THE Supreme Court Monday adjourned a hearing to July 27 in a petition that has challenged the validity of sedition law (Section 124A) of the Indian Penal Code(IPC).
Appearing for the Central Government, Solicitor General Tushar Mehta, sought two weeks' time to file a response to the petition.
A bench of Justices UU Lalit and Ajay Rastogi granted the time and fixed the matter for consideration on July 27.
Several interventions filed in the matter would also be listed on the next date of hearing.
On April 30, the top court agreed to examine the validity of the sedition law and issued notice to the Central Government as well as the Attorney General for India. The notice came to be issued on a petition filed by journalists Kishorechandra Wangkhemcha from Manipur and Kanhaiya Lal Shukla from Chhattisgarh challenging the validity of sedition law as violative of freedom of speech and expression (Article 19). The two journalists are facing sedition charges in their respective states for comments made by them on social media.
Senior advocate Colin Gonsalves, for the petitioners, had argued that the decision of a five-judge bench in Kedar Nath Singh v. State of Bihar(1962) would require reconsideration.

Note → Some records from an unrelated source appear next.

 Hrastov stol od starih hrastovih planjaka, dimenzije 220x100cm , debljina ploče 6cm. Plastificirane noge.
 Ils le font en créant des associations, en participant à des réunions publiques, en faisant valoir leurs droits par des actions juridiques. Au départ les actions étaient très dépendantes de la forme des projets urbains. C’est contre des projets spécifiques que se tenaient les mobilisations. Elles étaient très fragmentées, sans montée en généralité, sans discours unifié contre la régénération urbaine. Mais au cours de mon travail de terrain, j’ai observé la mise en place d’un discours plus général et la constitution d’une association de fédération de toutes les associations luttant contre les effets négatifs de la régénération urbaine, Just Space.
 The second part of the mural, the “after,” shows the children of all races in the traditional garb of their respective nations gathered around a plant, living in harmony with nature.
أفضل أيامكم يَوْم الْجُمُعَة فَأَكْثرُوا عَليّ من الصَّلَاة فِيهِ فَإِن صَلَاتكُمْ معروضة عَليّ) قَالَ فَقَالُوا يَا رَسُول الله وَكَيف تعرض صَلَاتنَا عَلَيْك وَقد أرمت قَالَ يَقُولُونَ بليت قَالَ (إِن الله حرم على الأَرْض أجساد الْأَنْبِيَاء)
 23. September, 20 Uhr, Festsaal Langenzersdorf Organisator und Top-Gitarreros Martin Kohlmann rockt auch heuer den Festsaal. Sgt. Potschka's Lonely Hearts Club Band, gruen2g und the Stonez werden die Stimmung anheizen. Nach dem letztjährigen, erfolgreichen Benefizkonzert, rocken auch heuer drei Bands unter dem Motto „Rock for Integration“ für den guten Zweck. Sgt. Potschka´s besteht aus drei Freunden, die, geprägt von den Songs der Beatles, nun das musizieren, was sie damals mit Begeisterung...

In the Kedarnath case, the top court had upheld the validity of the sedition law although it had narrowed down its scope and held "comments, however strongly worded, expressing disapprobation of actions of the Government, without exciting those feelings which generate the inclination to cause public disorder by acts of violence" was not sedition.
In 2016, the Supreme court reminded the authorities to be guided by the principles laid down in the Kedarnath case while dealing with sedition cases. Despite that, governments have been using the law to curb dissent.